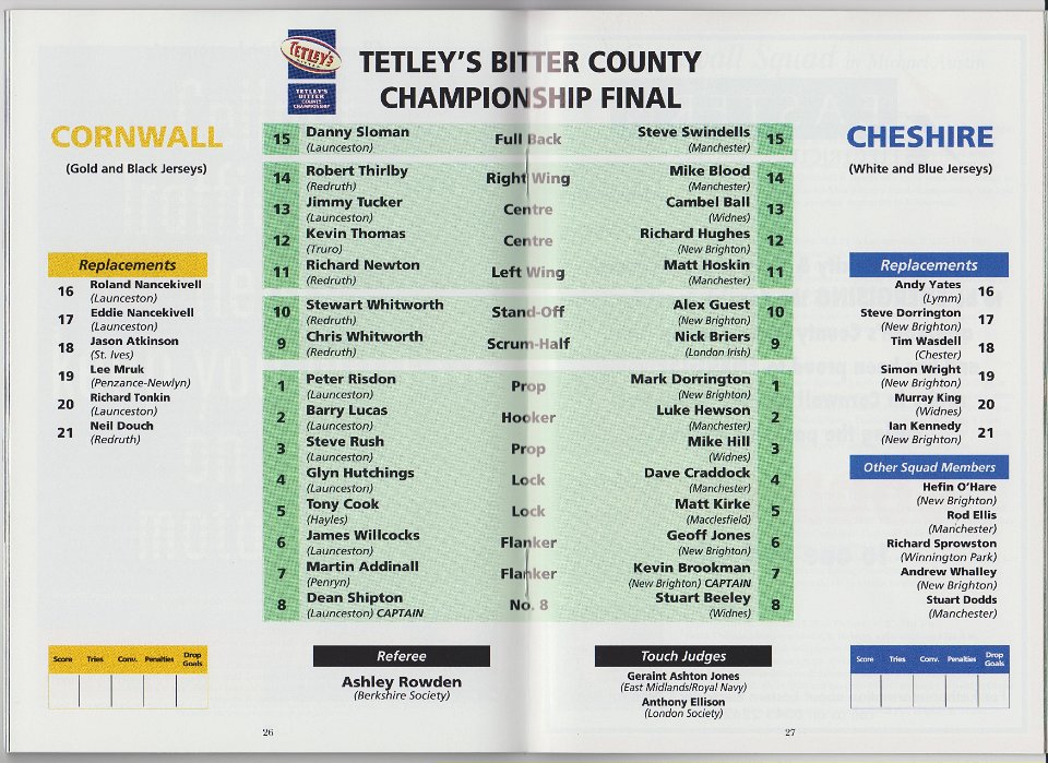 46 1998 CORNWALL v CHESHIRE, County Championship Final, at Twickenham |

---

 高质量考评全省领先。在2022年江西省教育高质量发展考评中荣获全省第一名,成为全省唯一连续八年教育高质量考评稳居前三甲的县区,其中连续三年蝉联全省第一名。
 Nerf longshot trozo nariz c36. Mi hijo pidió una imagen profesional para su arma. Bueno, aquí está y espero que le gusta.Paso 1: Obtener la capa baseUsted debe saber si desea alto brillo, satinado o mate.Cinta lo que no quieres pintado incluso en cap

▶ _WORK TO BE COMPLETED_
Set down only the lines above that fall between the line holding "高质量考评全省领先。在202" and the line holding "Nerf longshot trozo", inclusive, keeping each exact.

▶ _EXPECTED ANSWER_
 高质量考评全省领先。在2022年江西省教育高质量发展考评中荣获全省第一名,成为全省唯一连续八年教育高质量考评稳居前三甲的县区,其中连续三年蝉联全省第一名。
 Nerf longshot trozo nariz c36. Mi hijo pidió una imagen profesional para su arma. Bueno, aquí está y espero que le gusta.Paso 1: Obtener la capa baseUsted debe saber si desea alto brillo, satinado o mate.Cinta lo que no quieres pintado incluso en cap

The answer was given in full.